In geschil is of het Uwv de mate van arbeidsongeschiktheid van appellant in de zin van de Wet WIA terecht met ingang van 7 juni 2021 heeft vastgesteld op 74,64%.
4.3.
Wat appellant in hoger beroep heeft aangevoerd over zijn medische situatie en beperkingen is een herhaling van wat hij in bezwaar en beroep heeft aangevoerd. De rechtbank heeft deze gronden afdoende besproken en overtuigend gemotiveerd waarom deze niet slagen. Het oordeel van de rechtbank en de daaraan ten grondslag gelegde overwegingen worden geheel onderschreven. Daaraan wordt nog toegevoegd dat appellant (ook) in hoger beroep geen nieuwe medische informatie heeft overgelegd. De beschikbare medische informatie geeft geen twijfel aan de juistheid van de bevindingen van de artsen van het Uwv.
4.4.
Ook wordt de rechtbank gevolgd in haar oordeel dat het Uwv voldoende heeft gemotiveerd dat de aan de berekening van het arbeidsongeschiktheidspercentage (van 74,64%) ten grondslag gelegde functies in medisch opzicht voor appellant geschikt zijn.
4.5.
Nu appellant niet volledig arbeidsongeschikt is kan hij reeds daarom niet, zoals hij heeft betoogd, in aanmerking komen voor een IVA-uitkering.
4.6.
Uit 4.2 tot en met 4.5 volgt dat het hoger beroep niet slaagt. De aangevallen uitspraak zal worden bevestigd.

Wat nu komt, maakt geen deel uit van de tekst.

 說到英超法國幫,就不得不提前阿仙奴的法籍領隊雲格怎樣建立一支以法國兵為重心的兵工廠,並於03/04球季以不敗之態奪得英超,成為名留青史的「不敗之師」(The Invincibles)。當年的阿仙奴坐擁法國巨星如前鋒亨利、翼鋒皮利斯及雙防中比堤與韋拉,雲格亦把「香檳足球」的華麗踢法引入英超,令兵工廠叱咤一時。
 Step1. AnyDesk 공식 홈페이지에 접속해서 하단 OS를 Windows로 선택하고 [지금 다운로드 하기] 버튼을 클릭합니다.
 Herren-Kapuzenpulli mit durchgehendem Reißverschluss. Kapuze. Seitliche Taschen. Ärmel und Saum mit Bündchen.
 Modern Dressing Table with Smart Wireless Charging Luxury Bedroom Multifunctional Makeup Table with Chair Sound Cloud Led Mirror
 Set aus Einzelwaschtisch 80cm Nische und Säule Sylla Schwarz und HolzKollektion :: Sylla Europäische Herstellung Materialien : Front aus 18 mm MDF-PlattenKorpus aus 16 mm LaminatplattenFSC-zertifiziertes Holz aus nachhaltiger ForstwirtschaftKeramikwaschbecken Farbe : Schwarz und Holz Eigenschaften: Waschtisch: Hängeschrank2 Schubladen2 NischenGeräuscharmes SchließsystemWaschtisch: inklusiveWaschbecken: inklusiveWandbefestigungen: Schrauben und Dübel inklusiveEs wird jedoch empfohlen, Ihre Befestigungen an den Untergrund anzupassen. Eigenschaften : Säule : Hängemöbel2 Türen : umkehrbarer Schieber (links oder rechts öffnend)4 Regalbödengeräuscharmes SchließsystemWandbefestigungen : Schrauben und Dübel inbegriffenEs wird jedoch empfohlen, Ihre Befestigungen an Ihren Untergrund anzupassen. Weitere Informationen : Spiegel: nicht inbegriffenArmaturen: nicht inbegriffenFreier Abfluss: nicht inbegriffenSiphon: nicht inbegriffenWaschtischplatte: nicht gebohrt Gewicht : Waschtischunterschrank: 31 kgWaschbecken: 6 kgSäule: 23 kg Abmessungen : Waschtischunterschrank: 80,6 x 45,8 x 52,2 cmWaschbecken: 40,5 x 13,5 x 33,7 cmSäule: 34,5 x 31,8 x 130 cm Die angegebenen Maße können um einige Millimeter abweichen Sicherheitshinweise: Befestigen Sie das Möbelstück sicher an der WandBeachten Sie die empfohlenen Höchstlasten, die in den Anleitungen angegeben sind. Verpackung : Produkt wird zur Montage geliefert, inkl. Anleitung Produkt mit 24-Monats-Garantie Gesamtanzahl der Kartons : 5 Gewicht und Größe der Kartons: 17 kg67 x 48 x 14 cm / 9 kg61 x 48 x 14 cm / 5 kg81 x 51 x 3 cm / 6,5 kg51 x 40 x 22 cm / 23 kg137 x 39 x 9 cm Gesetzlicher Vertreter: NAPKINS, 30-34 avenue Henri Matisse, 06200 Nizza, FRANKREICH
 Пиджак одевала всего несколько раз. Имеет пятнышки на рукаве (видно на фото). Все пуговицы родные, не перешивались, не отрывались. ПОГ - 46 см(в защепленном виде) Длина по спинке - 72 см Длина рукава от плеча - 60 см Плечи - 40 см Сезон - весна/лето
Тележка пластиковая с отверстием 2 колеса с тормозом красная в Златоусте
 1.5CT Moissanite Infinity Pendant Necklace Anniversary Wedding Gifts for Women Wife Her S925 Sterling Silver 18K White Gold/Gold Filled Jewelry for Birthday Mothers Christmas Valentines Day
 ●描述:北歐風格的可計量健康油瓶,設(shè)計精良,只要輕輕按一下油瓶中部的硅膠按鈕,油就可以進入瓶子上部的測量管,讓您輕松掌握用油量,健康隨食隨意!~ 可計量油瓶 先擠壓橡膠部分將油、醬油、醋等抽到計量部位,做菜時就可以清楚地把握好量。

5. Voor een veroordeling in de proceskosten bestaat geen aanleiding.

BESLISSING

De Centrale Raad van Beroep bevestigt de aangevallen uitspraak.
Deze uitspraak is gedaan door E.W. Akkerman, in tegenwoordigheid van L. Winters als griffier. De beslissing is uitgesproken in het openbaar op 14 juni 2023.